Así, minada la confianza en la razón y en el ejercicio de la libertad individual, ambos han sido reemplazados por movimientos religiosos e ideológicos que exaltan la irracionalidad y resignan el ejercicio de la libertad en beneficio de los terrorismos religiosos y los estados totalitarios. Momento en que, entre la primera guerra mundial y su epígono, la segunda, asistimos a la emergencia de regímenes que, sin vacilar, en aras de ideologías insensibles al sufrimiento humano, provocarán el sacrificio de millones de personas en campos de concentración, como Auschwitz-Birkenau del nacionalsocialismo hitleriano, o de “rehabilitación” estaliniana, como eufemísticamente se denominó al Gulag.

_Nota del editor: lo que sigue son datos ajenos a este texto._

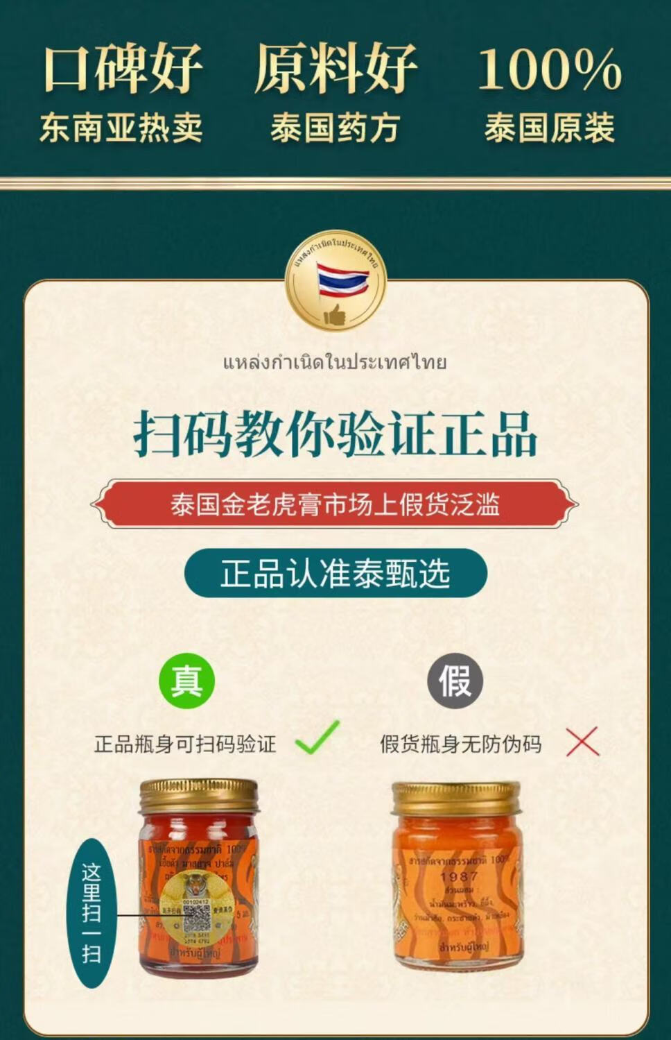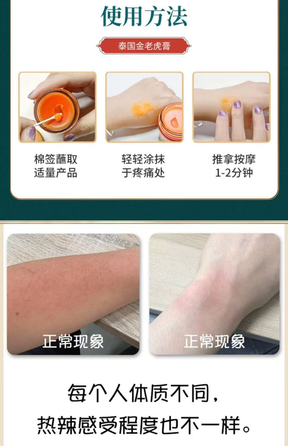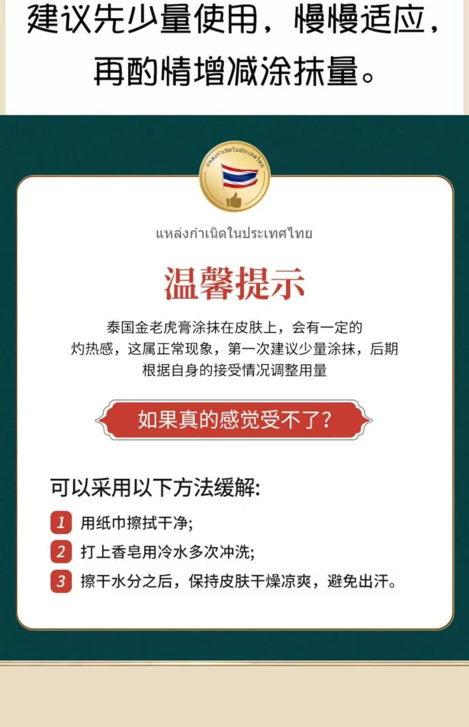 Tiger Brand Authentic Golden Tiger Cream, imported from Thailand, Tiger Brand Ointment, pain relief for bruises and injuries, pain relief for rheumatic joints, Golden Tiger Cream 1 box/4 bottles, preferred pack
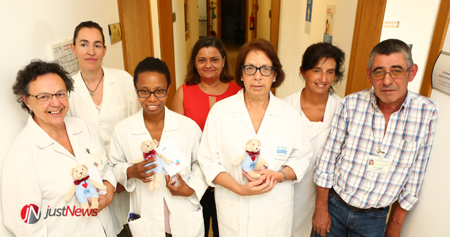 “A nossa equipa achou que a Unidade deveria criar algo que permitisse uma maior proximidade entre os pais, as crianças e os profissionais de saúde. Nesse sentido, entregamos um guia para orientar os pais no primeiro ano de vida e, com o nosso próprio dinheiro, comprámos peluches”, conta a enfermeira Ana Santos.

Siguiendo el ejemplo de la moral grecorromana de fines del Imperio, que en la tradición neoplatónica valoraba el bien como virtud en el ejercicio de la prudencia, la templanza, la justicia y la fortaleza, los primeros cristianos agregaron a las virtudes cardinales de los estoicos⁶ las teologales de la fe, la esperanza y la caridad como modelos de vida. A contrapelo, la tesis secular del bien como búsqueda de la felicidad, aunque no explícita, se introduce y gravita fuertemente como un ideal que permea la mentalidad europea desde el siglo XVIII en adelante. Tesis que, aunque no se menciona expresamente en estos términos en la Declaración de Derechos de la revolución francesa, sí lo está en la de los EEUU redactada por Jefferson en 1776.
En la tradición cartesiana, la felicidad producto de la inmediatez de los bienes de consumo materiales se aleja de la misión espiritual al prescindir del proyecto escatológico vinculado a la esperanza en un tiempo futuro de bienaventuranza, a la fe en que ello es posible por medio de la gracia y al ejercicio de la caridad que religa a los seres humanos con la comunidad de la tierra, a los otros en su dimensión de prójimo y a la divinidad que ha ensanchado el silencio de su naturaleza de misterio tremendo y fascinante en la presencia de la figura real y concreta de Cristo, desvaneciéndose tras las bambalinas del descrédito al callar ante la miseria humana. Silencio que de tan prolongado se ha trivializado en la rutina de la vida cotidiana perdiendo su atributo de misterioso atractivo. André Glucksmann relata, citando el discurso de Juan Pablo II del 14 de enero de 1999:
«Las certezas religiosas de antaño «han sido sustituidas en muchas personas por un sentimiento religioso vago y poco apremiante acerca de la vida, e incluso por formas diversas de agnosticismo y ateísmo práctico que desembocan en una vida personal y social «etsi deus non daretur«, como si Dios no existiese»»⁷.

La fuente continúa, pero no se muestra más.